TASK DATA section start

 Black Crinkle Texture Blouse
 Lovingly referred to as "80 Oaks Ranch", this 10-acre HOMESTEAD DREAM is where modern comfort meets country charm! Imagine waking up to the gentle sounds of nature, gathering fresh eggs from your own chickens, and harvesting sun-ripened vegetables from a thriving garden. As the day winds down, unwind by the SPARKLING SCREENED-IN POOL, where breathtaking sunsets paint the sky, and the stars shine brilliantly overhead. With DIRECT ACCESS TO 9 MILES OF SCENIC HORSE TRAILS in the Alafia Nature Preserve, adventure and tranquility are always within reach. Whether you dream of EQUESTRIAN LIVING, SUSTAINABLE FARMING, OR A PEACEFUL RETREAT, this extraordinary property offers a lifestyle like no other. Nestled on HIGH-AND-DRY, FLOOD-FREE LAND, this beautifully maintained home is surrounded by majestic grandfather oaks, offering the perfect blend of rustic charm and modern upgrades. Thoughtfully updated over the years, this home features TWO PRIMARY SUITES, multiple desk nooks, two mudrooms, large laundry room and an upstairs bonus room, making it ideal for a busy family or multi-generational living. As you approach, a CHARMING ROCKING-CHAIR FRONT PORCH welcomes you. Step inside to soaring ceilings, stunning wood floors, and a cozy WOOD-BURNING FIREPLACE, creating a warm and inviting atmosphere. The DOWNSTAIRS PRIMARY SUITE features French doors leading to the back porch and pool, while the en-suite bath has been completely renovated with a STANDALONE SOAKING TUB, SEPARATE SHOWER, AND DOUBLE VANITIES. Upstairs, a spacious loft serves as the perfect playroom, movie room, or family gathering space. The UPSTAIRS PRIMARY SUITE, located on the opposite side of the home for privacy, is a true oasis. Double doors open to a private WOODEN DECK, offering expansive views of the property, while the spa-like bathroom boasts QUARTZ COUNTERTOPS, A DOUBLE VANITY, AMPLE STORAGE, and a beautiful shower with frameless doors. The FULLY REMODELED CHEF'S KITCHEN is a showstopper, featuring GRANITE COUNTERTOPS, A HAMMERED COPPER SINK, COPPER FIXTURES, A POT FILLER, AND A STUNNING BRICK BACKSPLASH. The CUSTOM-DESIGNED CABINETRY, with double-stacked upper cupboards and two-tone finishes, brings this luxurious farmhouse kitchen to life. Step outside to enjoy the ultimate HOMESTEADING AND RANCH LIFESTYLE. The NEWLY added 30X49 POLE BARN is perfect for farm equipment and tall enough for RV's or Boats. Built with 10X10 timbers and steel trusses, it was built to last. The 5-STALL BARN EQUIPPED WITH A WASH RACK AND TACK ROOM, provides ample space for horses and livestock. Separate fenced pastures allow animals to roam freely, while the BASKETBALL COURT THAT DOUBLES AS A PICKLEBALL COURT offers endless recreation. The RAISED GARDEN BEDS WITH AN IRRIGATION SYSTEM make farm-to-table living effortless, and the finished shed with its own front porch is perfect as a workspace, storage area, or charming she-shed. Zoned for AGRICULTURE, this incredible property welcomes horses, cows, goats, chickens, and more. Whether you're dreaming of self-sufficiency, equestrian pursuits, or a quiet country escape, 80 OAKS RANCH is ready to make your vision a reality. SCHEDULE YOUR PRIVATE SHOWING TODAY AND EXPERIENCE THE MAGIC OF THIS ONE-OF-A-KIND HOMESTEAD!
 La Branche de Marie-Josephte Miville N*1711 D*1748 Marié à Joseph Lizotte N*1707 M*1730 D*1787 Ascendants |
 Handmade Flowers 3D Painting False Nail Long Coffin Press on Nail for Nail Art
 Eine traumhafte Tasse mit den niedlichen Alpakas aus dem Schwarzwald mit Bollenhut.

TASK DATA section end
TASK DATA section start

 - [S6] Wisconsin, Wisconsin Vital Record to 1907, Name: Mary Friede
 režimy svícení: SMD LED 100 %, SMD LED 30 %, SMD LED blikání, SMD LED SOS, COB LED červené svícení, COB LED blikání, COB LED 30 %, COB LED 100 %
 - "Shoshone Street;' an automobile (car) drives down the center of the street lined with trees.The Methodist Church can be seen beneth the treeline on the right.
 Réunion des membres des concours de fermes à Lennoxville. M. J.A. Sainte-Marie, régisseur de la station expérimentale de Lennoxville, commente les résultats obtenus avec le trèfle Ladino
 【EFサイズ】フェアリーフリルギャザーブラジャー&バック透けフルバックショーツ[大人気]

TASK DATA section end
TASK DATA section start

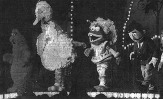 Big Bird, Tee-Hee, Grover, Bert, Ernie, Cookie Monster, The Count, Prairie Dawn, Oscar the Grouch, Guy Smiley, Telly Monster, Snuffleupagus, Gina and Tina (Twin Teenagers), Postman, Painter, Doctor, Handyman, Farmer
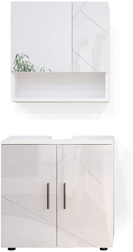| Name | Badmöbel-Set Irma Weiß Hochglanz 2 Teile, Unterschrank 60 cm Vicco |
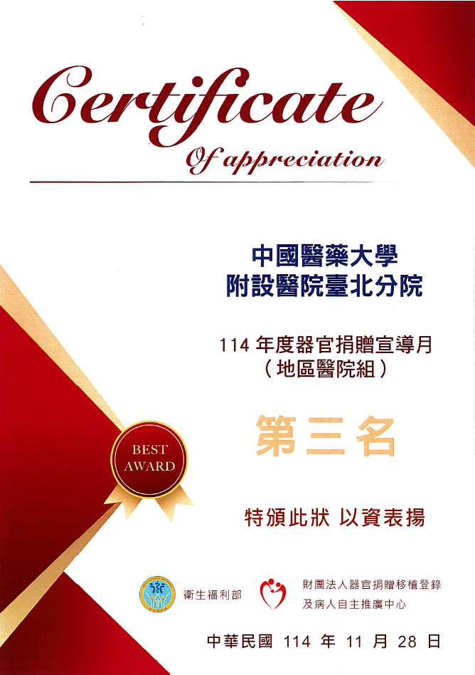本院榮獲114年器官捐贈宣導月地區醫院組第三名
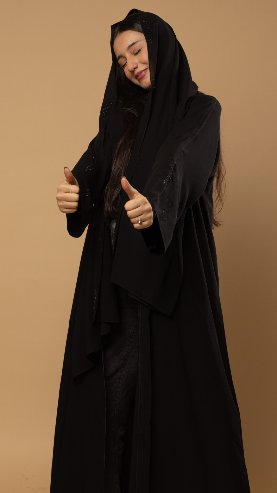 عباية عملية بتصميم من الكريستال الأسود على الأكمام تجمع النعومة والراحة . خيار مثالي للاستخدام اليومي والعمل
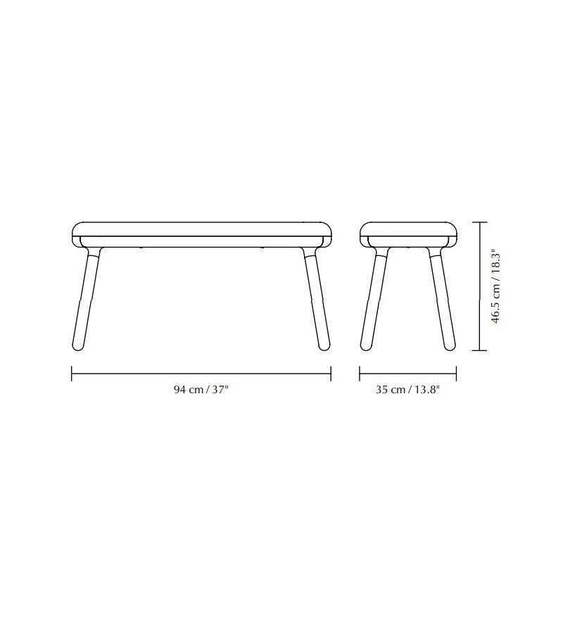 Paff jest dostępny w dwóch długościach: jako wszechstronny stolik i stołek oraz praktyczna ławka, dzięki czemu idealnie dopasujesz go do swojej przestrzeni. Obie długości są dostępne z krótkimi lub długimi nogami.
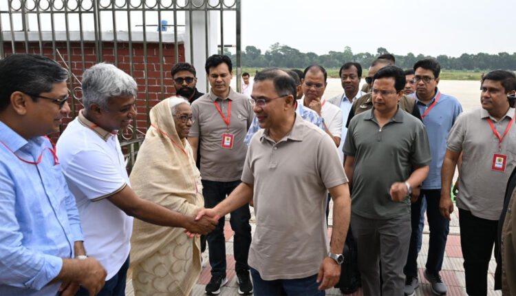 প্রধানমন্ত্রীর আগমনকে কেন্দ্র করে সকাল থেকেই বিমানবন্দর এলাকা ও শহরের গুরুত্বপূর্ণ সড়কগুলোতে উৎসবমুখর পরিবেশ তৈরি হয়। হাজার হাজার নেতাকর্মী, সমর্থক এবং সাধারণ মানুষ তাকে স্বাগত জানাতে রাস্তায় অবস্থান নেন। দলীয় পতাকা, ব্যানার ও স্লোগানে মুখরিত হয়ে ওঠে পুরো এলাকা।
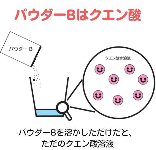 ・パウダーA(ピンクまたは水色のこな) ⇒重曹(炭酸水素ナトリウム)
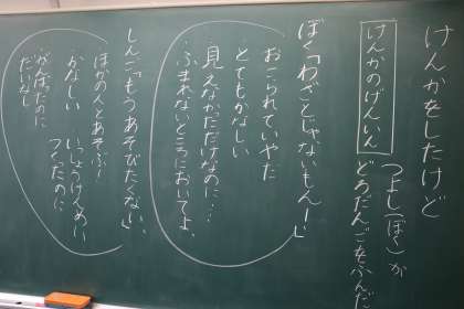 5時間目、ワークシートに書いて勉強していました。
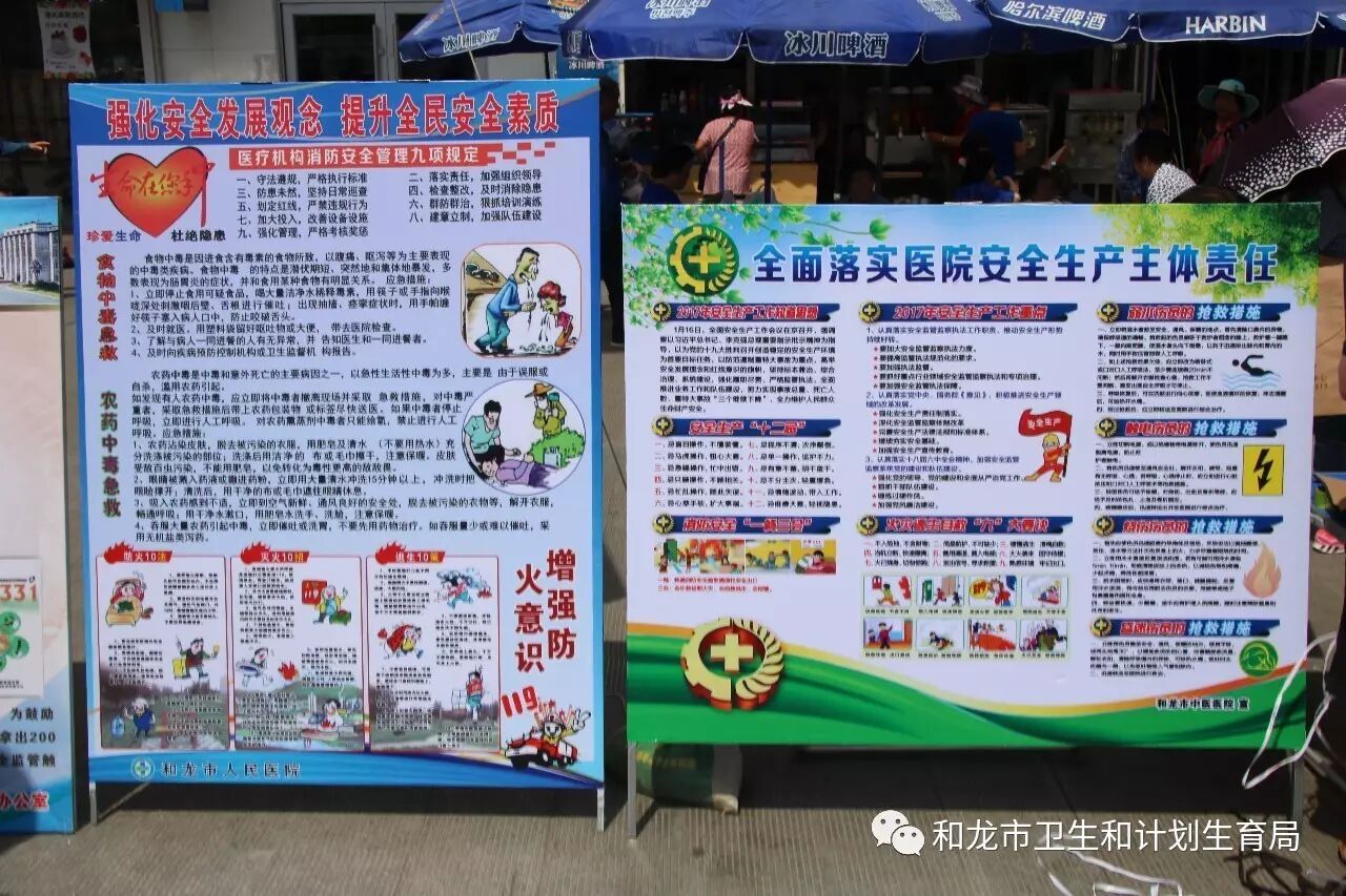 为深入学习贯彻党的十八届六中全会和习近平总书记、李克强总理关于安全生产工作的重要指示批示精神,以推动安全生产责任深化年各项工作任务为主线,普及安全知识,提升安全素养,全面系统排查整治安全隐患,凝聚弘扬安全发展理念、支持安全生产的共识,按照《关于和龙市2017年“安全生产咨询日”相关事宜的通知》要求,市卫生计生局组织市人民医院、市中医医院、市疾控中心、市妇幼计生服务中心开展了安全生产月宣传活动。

TASK DATA section end

Take the entries above and copy exactly the lines starting at the one with "本院榮獲114年器官捐贈宣導月地區醫院組第三名" and ending at the one with "为深入学习贯彻党的十八届六中"; nothing outside that span, and no pictures.

## SOLUTION BELOW
本院榮獲114年器官捐贈宣導月地區醫院組第三名
 عباية عملية بتصميم من الكريستال الأسود على الأكمام تجمع النعومة والراحة . خيار مثالي للاستخدام اليومي والعمل
 Paff jest dostępny w dwóch długościach: jako wszechstronny stolik i stołek oraz praktyczna ławka, dzięki czemu idealnie dopasujesz go do swojej przestrzeni. Obie długości są dostępne z krótkimi lub długimi nogami.
 প্রধানমন্ত্রীর আগমনকে কেন্দ্র করে সকাল থেকেই বিমানবন্দর এলাকা ও শহরের গুরুত্বপূর্ণ সড়কগুলোতে উৎসবমুখর পরিবেশ তৈরি হয়। হাজার হাজার নেতাকর্মী, সমর্থক এবং সাধারণ মানুষ তাকে স্বাগত জানাতে রাস্তায় অবস্থান নেন। দলীয় পতাকা, ব্যানার ও স্লোগানে মুখরিত হয়ে ওঠে পুরো এলাকা।
 ・パウダーA(ピンクまたは水色のこな) ⇒重曹(炭酸水素ナトリウム)
 5時間目、ワークシートに書いて勉強していました。
 为深入学习贯彻党的十八届六中全会和习近平总书记、李克强总理关于安全生产工作的重要指示批示精神,以推动安全生产责任深化年各项工作任务为主线,普及安全知识,提升安全素养,全面系统排查整治安全隐患,凝聚弘扬安全发展理念、支持安全生产的共识,按照《关于和龙市2017年“安全生产咨询日”相关事宜的通知》要求,市卫生计生局组织市人民医院、市中医医院、市疾控中心、市妇幼计生服务中心开展了安全生产月宣传活动。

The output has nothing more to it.